Between his two colleagues and the students themselves, he says, “we have had the pleasure of looking at issues of equity, of social justice, of rights, of fairness that we often don’t pay attention to.”
Preston says that as the three profs brainstormed topics before the semester, “we all had an interest in HIV-AIDS.”
“This disease looks totally different if we, say, take the African context and compare it to the US context,” she says. “It’s two different things: its impact on certain populations, the way it gets spread, the way it’s understood in discourse.” In the United States, the disease largely has been controlled by antiretroviral drugs developed to combat the disease, while in African nations, it remains a major killer because of lack of access to those treatments.

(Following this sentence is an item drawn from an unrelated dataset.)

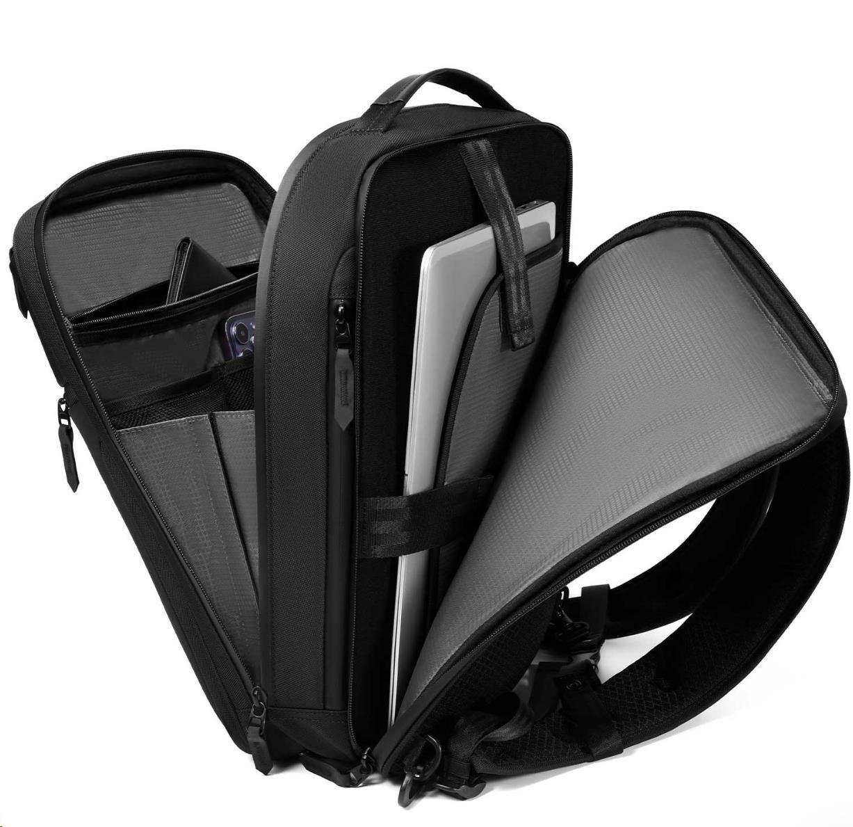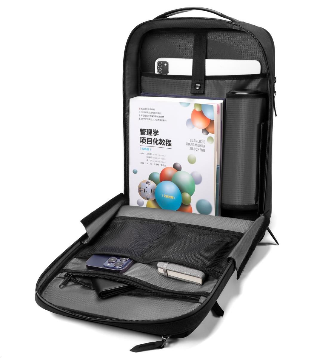 MYBALO ASTON Perfektní volba pro minimalisty s dobrým vkusem 6 ikon: - Nejtenčí batoh - Elegantní - Kapsa na notebook do 15,6" - Kapsa na tablet do 9" - Otevírání o 180 stupňů - USB a USB-C port - Drží tvar - Voděodolný - Skryté kapsy Elegantní a minimalistický Jedná se o velmi elegantní a minimalistický batoh. S tímto parťákem neuděláte chybu při běžném nošení do města, ani na důležité schůzce. Tenký batoh MYBALO Aston je batoh s vůbec nejmenší hloubkou z naší nabídky. Díky tomu působí elegantně a minimalisticky, ale i přesto se do něj vejdou všechny vaše nezbytnosti. Kvalitní voděodolný materiál, dlouhá životnost Kvalitní umělá kůže zajišťuje trvanlivost a odolnost batohu proti vodě a opotřebení. MYBALO Aston tak bude vaším společníkem opravdu dlouho. Drží tvar Batoh si zachovává svůj tvar také v případě, že jej budete mít úplně prázdný. Vestavěný USB a USB-C port Nabíjejte svá elektronická zařízení kdekoli a kdykoli díky vestavěnému USB a USB-C portu. Popruh k uchycení na kufr Cestujte pohodlně. Kdykoli chcete mít volná záda, jednoduše připevněte batoh na rukojeť svého kufru. Pohodlné polstrování Užijte si komfortní nošení díky kvalitnímu a prodyšnému polstrování ramenních popruhů a zádové části. Další praktické kapsy Zorganizujte si pohodlně a snadno své věci díky množství vychytaných kapes. Skryté kapsy V zádové části a na ramenním popruhu najdete skryté kapsy pro bezpečné uložení cenností. Vnitřní kapsy Vnitřní kapsy slouží pro snadnou organizaci všech vašich věcí. Přední kapsa Přední kapsa je určena pro věci, které chcete mít rychle a snadno po ruce. Parametry: - Rozměry: 46 x 30 x 9 cm - Objem: 11 l - Hmotnost: 1,19 kg - Kapsa na notebook: Ano (do vel. 15,6") - Kapsa na tablet: Ano (do vel. 9") - USB port: Ano - Voděodolnost: Ano - Hlavní materiál: Ekokůže + Polyester - Podšívka: Polyester - Barva: Černá.

“We view HIV-AIDS as a treatable condition, something you live with. In most places in Africa, it is something you die from,” Preston says. “As many as 30 percent of South Africans are infected with HIV and are not being treated.” And there’s another difference: “It’s not a largely gay disease in Africa. Inordinately, it affects younger women right in the childbearing ages, who are, of course, then infecting children.”

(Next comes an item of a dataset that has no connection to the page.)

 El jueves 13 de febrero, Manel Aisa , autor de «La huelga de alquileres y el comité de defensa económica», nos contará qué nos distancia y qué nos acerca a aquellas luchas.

As a humanist, Preston, whose scholarship focuses on literature and the performing arts, in particular queer theory, leads discussions on readings such as Angels in America, which was part of an activist backlash against the US government’s halting response to the disease when it first struck.
Part of her lessons on that activism includes screening a news clip that she says is a Wayback Machine revelation to the class. In it, a reporter asks President Reagan’s press secretary about the new, mysterious killer of gay men amid laughter and questioning of his sexual orientation. “It’s really moving for the students to see that this is not very long ago when this was treated as a joke because it was attached to homosexuality,” she says.